Рассказав про нашу домашнюю жизнь, я должен поведать и о том, как протекала жизнь всей деревни. Обычно в будни все обитатели ее неустанно трудились, поскольку были бедны и кормились полевой работой, разведением скота, виноградарством, а также изготовлением мутовок и ложек. От скуки я стал учиться делать ложки и так в этом преуспел, что снискал некоторую известность; во всей деревне я изготовлял самые красивые черпаки. Плетению корзин научился я за несколько лет до того в Германии и упражнялся сейчас в том с большим совершенством. Весьма часто, когда я сидел во дворе с прутьями ивы, зажатыми меж колен, у меня становилось светлей на душе; я улыбался приветливо быстротекущим мгновеньям и чувствовал как никогда глубоко: ничто так не делает человеческую жизнь переносимей, как постоянная занятость и работа, не оставляющие времени для размышлений.
Эта склонность постоянно быть занятым, которая лежит в моей натуре, часто приводила к самым нелепым приключениям, делала меня порой упрямым и замкнутым; совсем иное — граф с его поэтической праздностью. Когда он с овцами и коровами вновь возвращался домой из своего пасторального мира[222], настроение его было самым безоблачным, а воображение чрезвычайно живым, как если бы все вокруг было его идеалом. Если ему при этом случалось сочинить красивый стих, поговорить наедине со своей пастушкой и получить от нее в ответ приветливое пожелание доброй ночи, земля становилась ему слишком тесной. Он принимался изводить меня своей болтовней, и, когда вместо ответа я ему показывал искусную мутовку или изящную корзину, которую только что изготовил, он убегал прочь, слонялся по деревне, стучал во все окна, в которых еще горел свет, мешал людям спать, беседовал с ними долго и обстоятельно, повсюду находя здоровое остроумие и большое человеческое понимание вместе с простотой и искренностью. Наконец, он ублажал свою возлюбленную арией времен Генриха IV или Людовика XI[223] и уверял ее, будто он только что эту песенку для нее сочинил. Возвращаясь с сетью или ружьем, я забирал его домой, порой спасая от зубов деревенских собак, которые никак не могли понять, что он делает на улице в столь поздний час.

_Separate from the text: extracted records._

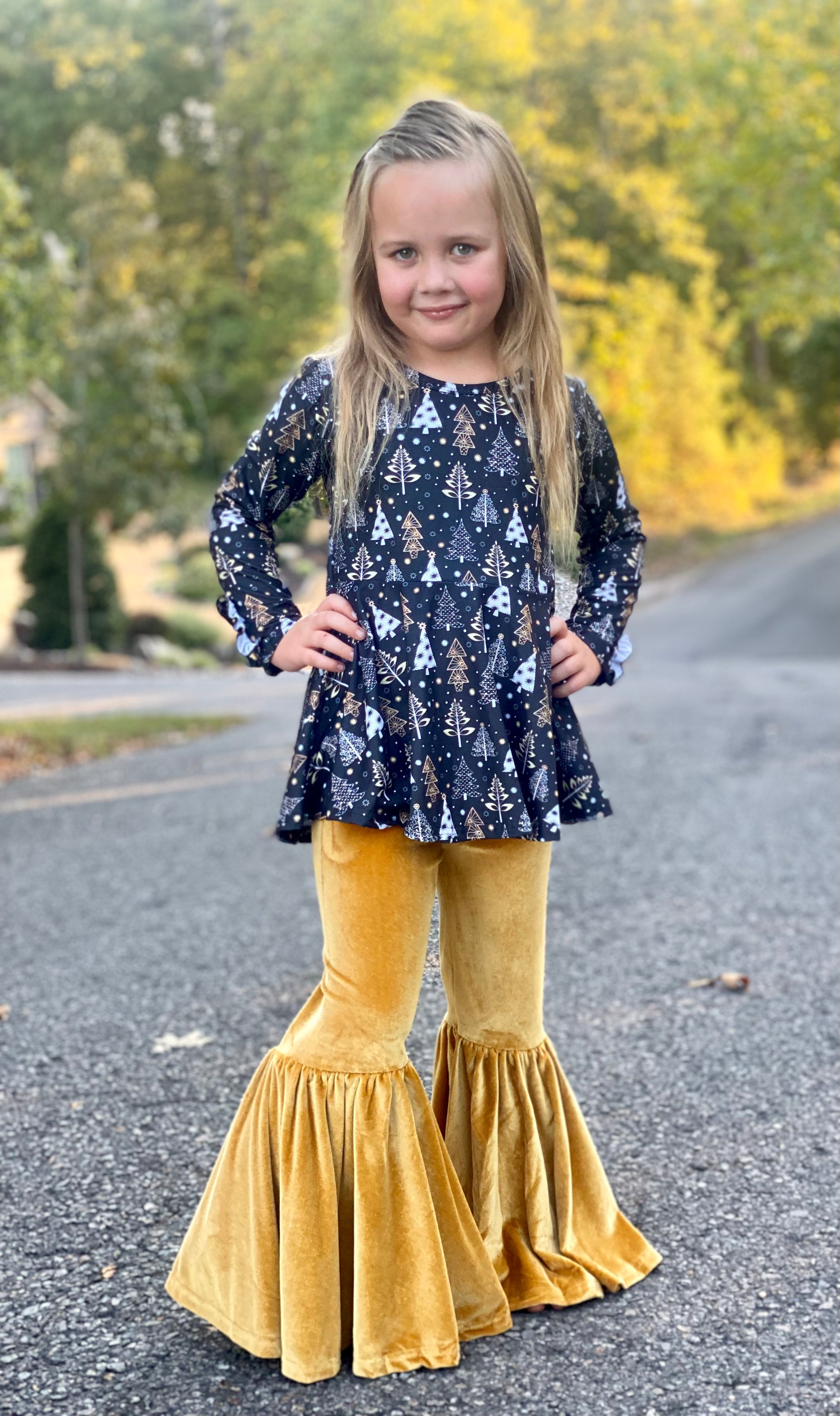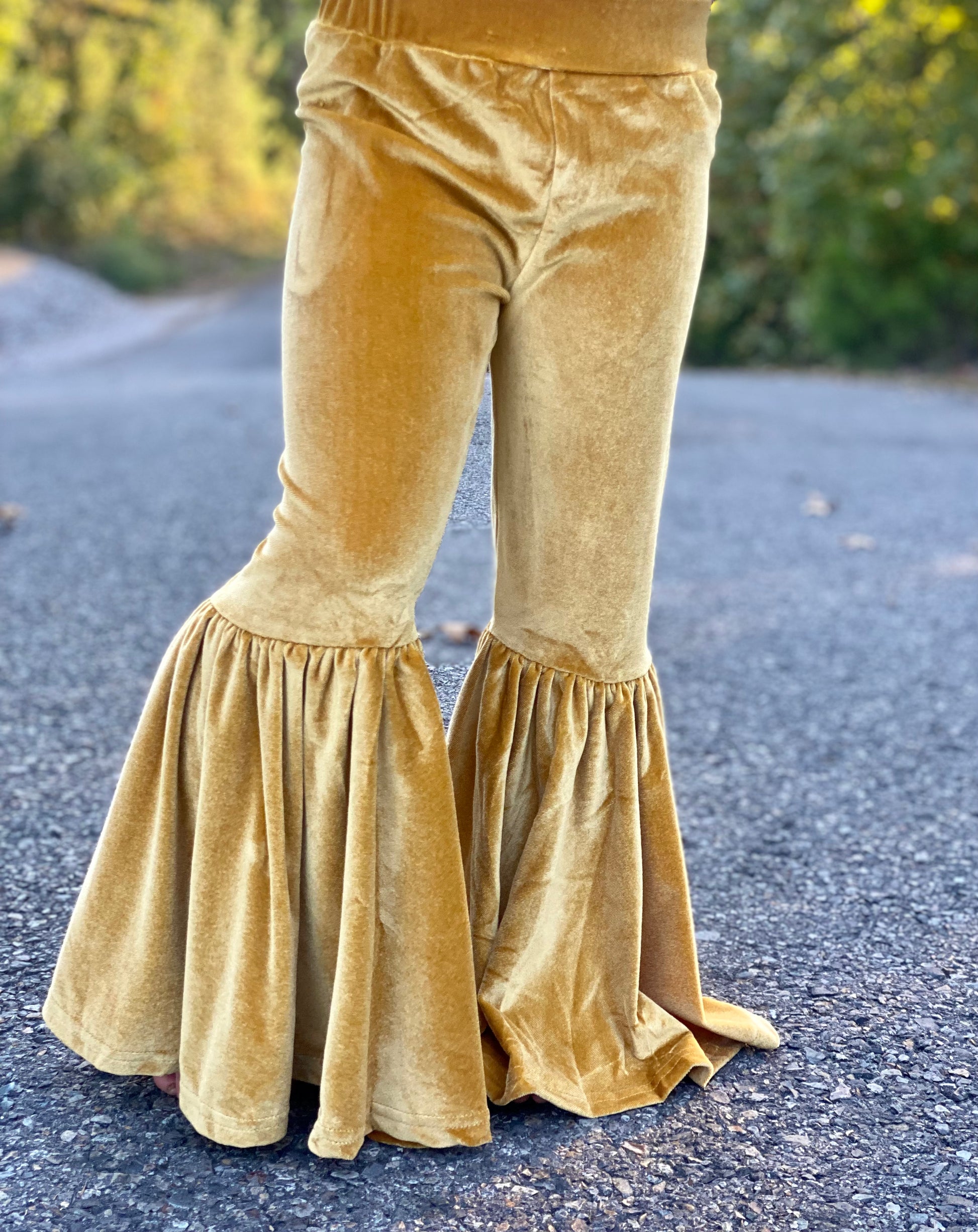 She's gonna be ringing in the holidays in style with these golden velvet bell bottoms! These super-sassy pants are perfect for your little diva's Christmas and New Year's gatherings. And with their velvety fabric, she's sure to have a jingle-jangle good time!
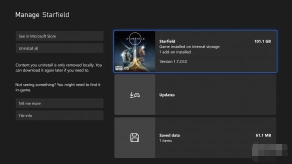 Xbox游戏新闻推主Idle Sloth透露,B社《星空》的首日补丁 (v.1.7.23.0)现已更新,PC版补丁大小为13.4GB,XSX版为15.48GB,《星空》XSX版总容量大小为101.1GB。
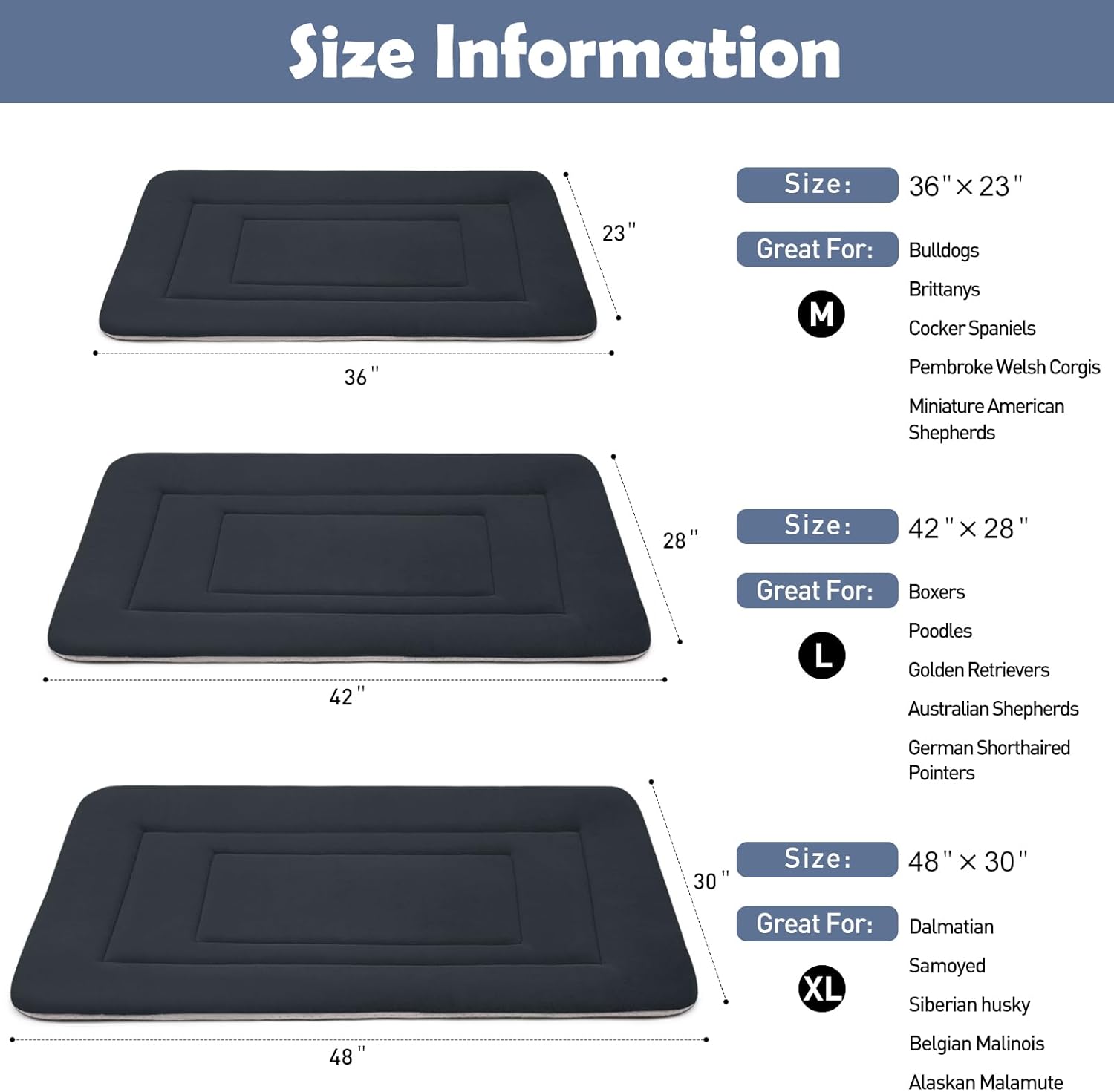 - Pet Beds Size Information: 36 (36 x 23 inch) , 42 (42 x 28 inch) , 48 (48 x 30 inch), perfectly for all size dogs

В делах сердечных он тем временем преуспел, Анетта уже призналась ему в ответной любви и прогнала прочь всех своих ухажеров; не хватало лишь одной мелочи: жениться на ней, чтобы получить от нее все остальное. Но это был тот самый пункт, где граф имел так же мало гражданского мужества, как и я; и на то у него была весомая причина: в большом свете женятся не только для того, чтобы наслаждаться счастьем со своей супругой, но также для того, чтобы постоянно оставаться ею довольным или, по крайней мере, не слышать от нее упреков и вести спокойную жизнь.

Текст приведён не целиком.